Ne var ki baktığım yerden
gördüğüm manzara odur ki; bir yerde hakikati bütünleyen bir Hegel, diğer
yanda ise eline ne geçirdiyse kategorize eden, bölen, parçalayan,
gruplara ayıran bir insan güruhu vardır. (Ve belki de doğusuna batısına
aldırmadan "bir insanlık" demeli!)
Biri "bütünlük", "total bir
algılama" ve daha ilmi bir ifade ile "feraset" der; öteki ise
siyah-beyaz, zengin-fakir,
kadın-erkek eline ne geçirdiyse böler,
parçalar, gruplar ve o parçaları da kendince kodlamayı ihmal etmez!
"Ah
şu kadınlar!" ya da "Şu erkekler yok mu şu erkekler!" diye başlayan
klasik cümlelerin ardı sıra gelen inciler de, bir türlü anlamlandırmayı
başaramayıp sürekli yadırgadığım ilginç anlayışın bir uzantısıdır.
Bana
göre biteviye bir kör dövüşü olan kadın-erkek kavgası (ya da yarışı)
aslında hiç haz etmediğim bir konu olmakla birlikte; geçtiğimiz günlerde
Hak´ka yürüyen Gazeteci Yazar Duygu Asena´nın kaybı ile yeniden fikrimi
kurcalayan bir husus oldu. Kaldı ki, pek haz etmediğim bir konu
olmasına rağmen kendimce eteğimdeki taşları döküp neden bu konudan
hoşlanmadığıma açıklık getirmeye yönelik kişisel bir dürtümün de
olduğunu fark ettim sanırım.
Zira bir bayan olarak (Bu arada erkek
olsaydım da aynı rahatsızlığı duyacağımdan eminim!) belirlenmiş bir
şablona oturtulup sınırları ve şekli birileri tarafından çizilmiş bir
çerçeveye hapsedilmek hiçbir vakit kabul edebileceğim bir şey değil,
olamaz da! Şayet bayanlar erkeklere, erkekler de bayanlara karşı ise;
ben birbirlerine parmak sallarken aslında kendi şahsi kimliklerini
sınırlayan ve basite indirgeyen bu tarafların hepsine birden karşıyım,
bunun gereksiz tartışmasına detay verip hazır kabullerle yol alan
herkesten rahatsızım!
…..
Nice kadınlar vardır ki; "adamlık"
sıfatını toplumun kendilerine bağışladığı erkeklerin nicesini cebinden
çıkarır ve nice erkekler de vardır ki (yine klişe bir sosyolojik kabul
ile bakarsak) "erkek" demeye bin şahit ister!
Dolayısıyla "Kadın
şudur, budur!" ya da "Bir erkek hep şöyle davranır ve şunları ister!"
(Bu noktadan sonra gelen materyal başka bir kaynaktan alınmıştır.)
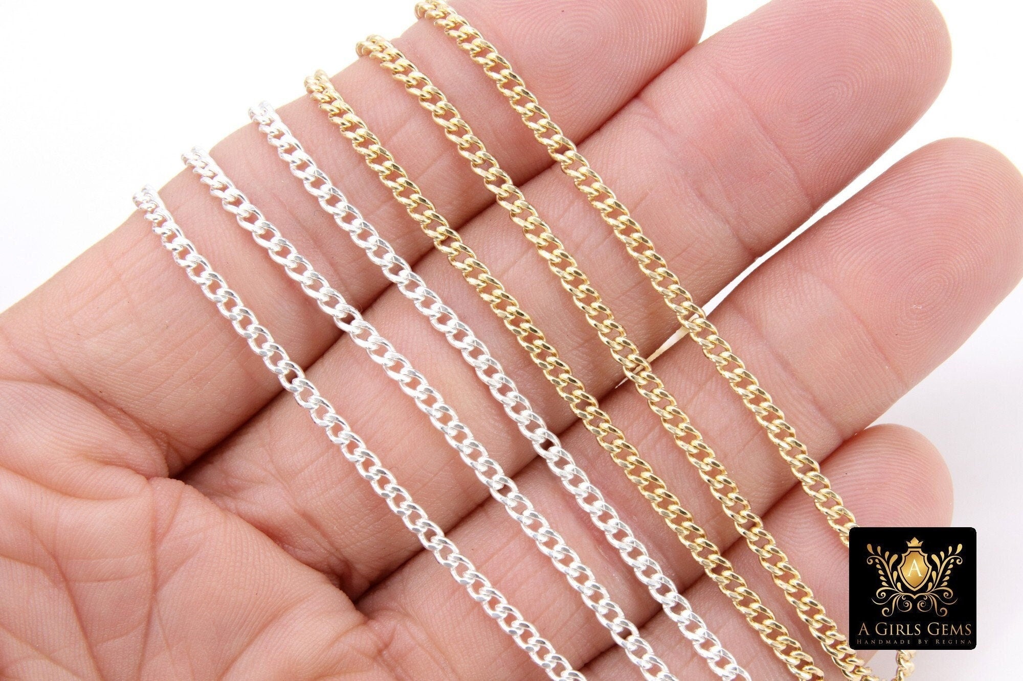 Notes Regarding Chains: All of our chains are cut in a continuous chain unless it is the end of a roll. We do not cut 10 feet in 1 foot sections. Any 925 Sterling Silver or Silver plated chains will tarnish. We suggest keeping your chains in a sealed jewelry bag to help prevent this. I'm sorry but all cut chains are non refundable. We recommend you try a foot sample before large purchases. Stainless steel chains come in gold or silver and are known for their non tarnishing properties. We don't control the colors, where gold may be applied on tight weave or small chains. All of our 14 K Gold Filled chains, charms, or findings are Genuine 14/20 Gold Filled. To be called gold filled by US LAW, the plating needs to be very very thick, at least 5% of weight. We do not replace for slight imperfections, defects, or variations in factory made chains, slight variations from photos, or minor detail damage issues.

türünden gereksiz, sıradan ve bana göre aşağılayıcı, "bireysel duruş"u,
kimliği kökünden baltalayıp atan ve neredeyse kadın ile erkekleri "iki
ayrı yığın"a dönüştürüp ilişki kurma ve yaşama biçimlerini tek
tipleştiren, sıradanlaştıran tanımlama ve yorumların hemen hemen hepsi
abesle iştigaldir!
Zira bunlar tekler, yani bireyler olarak kendi
ellerimizle etrafımıza ördüğümüz kalın mı kalın bir duvardan ibarettir!
Neden duvardır? Çünkü kadınsak bütün kadınlarla aynı kategoride
nitelendirilebilecek biri olduğumuzu, erkek isek de yine bütün
erkeklerle aynı kategoride değerlendirilebilecek biri olduğumuzu
otomatikman kabul etmişiz demektir! Kendi rengimiz, tınımız, duruşumuz,
kişisel girinti ve çıkıntılarımız acımasızca, aşağılanırcasına
tıraşlanmış ve ortaya genel bir standart koyulmuştur. Sıradan, herkesin
bildiği, beklediği ve güya istediği bir standart!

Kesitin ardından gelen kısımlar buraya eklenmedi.